» **ABOUT THIS TASK**: Your answer must be the listing repeated word for word, without its pictures.

» **COLLECTED MATERIAL**:
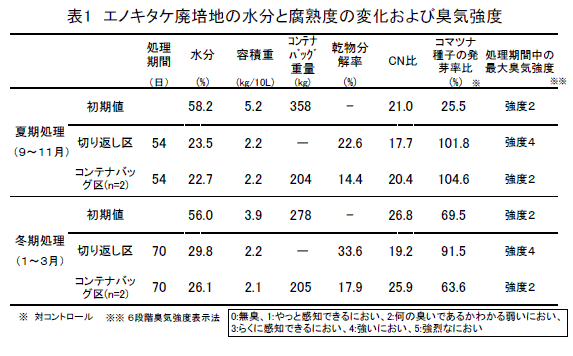 エノキタケ廃培地を乾燥するには、1m3のコンテナバッグに詰め込んで上部を開放し、風雨を避けて2ヶ月間静置すれば、従来の切り返し法と同様に乾燥し、切り返し法よりも臭気強度が低減される(表1)。 |
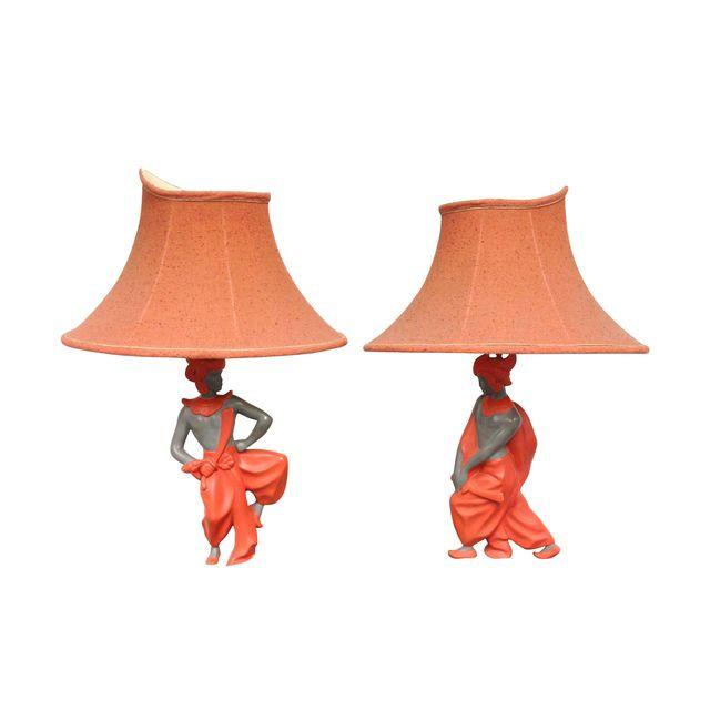 A pair of 1960’s Mid-century Warrior lamps. The warrior base men are grey and bold orangish-red, designer with detail they supported by a good structure and hold a burnt orange shade that is an oriental style. Let these two warriors perfect your home and let them create a good feng shui into your space. let them light up your home.
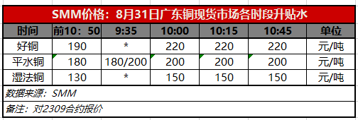 8月31日广东铜现货市场各时段升贴水(第四时段10:45)【SMM价格】
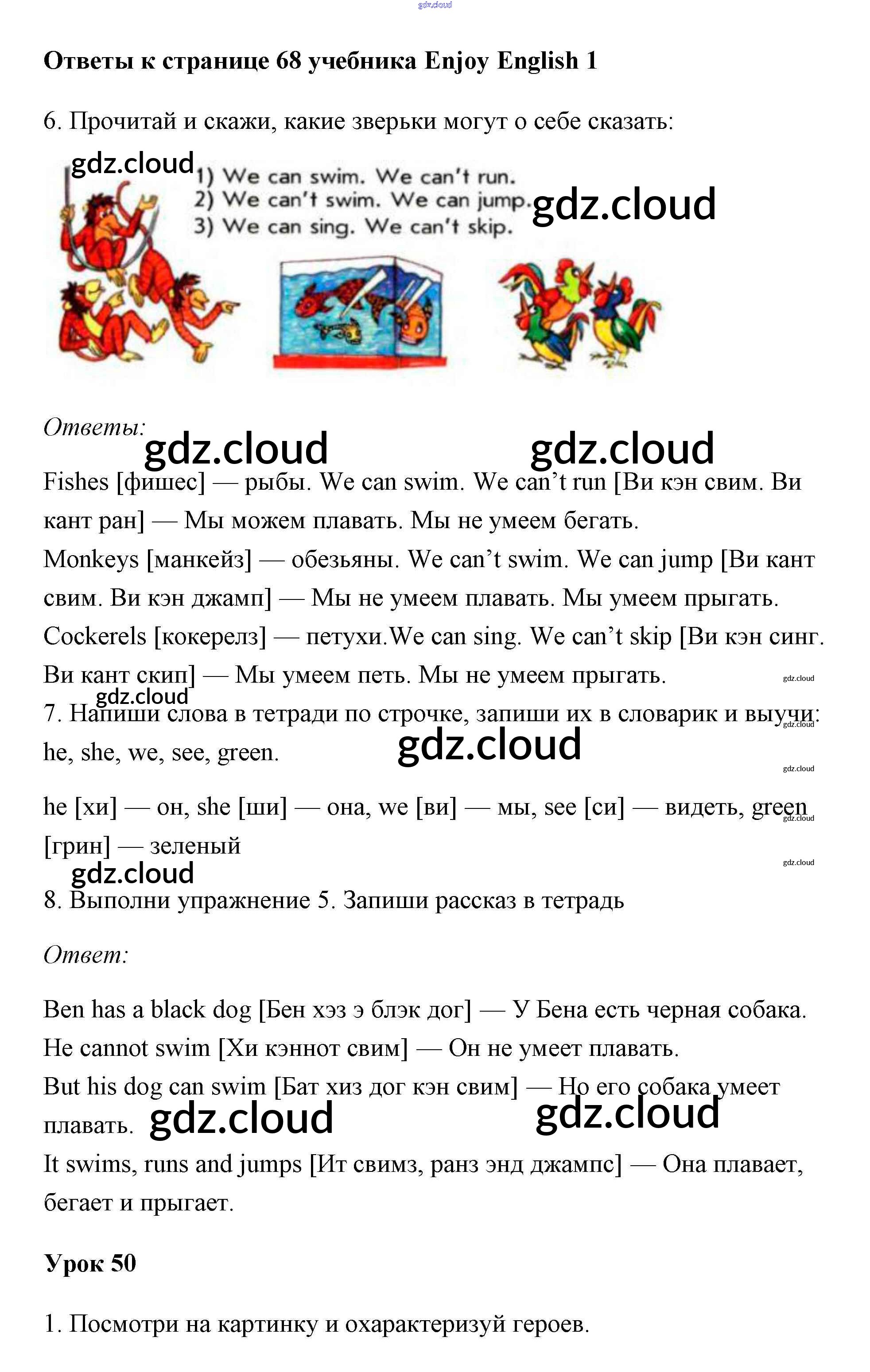 Ответ на задание 68 Учебник Английский язык за 1 (первый) класс Биболетова, Добрынина, Ленская Enjoy English 2010 онлайн и без номера телефона.

» **YOUR SOLUTION**:
 エノキタケ廃培地を乾燥するには、1m3のコンテナバッグに詰め込んで上部を開放し、風雨を避けて2ヶ月間静置すれば、従来の切り返し法と同様に乾燥し、切り返し法よりも臭気強度が低減される(表1)。 |
 A pair of 1960’s Mid-century Warrior lamps. The warrior base men are grey and bold orangish-red, designer with detail they supported by a good structure and hold a burnt orange shade that is an oriental style. Let these two warriors perfect your home and let them create a good feng shui into your space. let them light up your home.
 8月31日广东铜现货市场各时段升贴水(第四时段10:45)【SMM价格】
 Ответ на задание 68 Учебник Английский язык за 1 (первый) класс Биболетова, Добрынина, Ленская Enjoy English 2010 онлайн и без номера телефона.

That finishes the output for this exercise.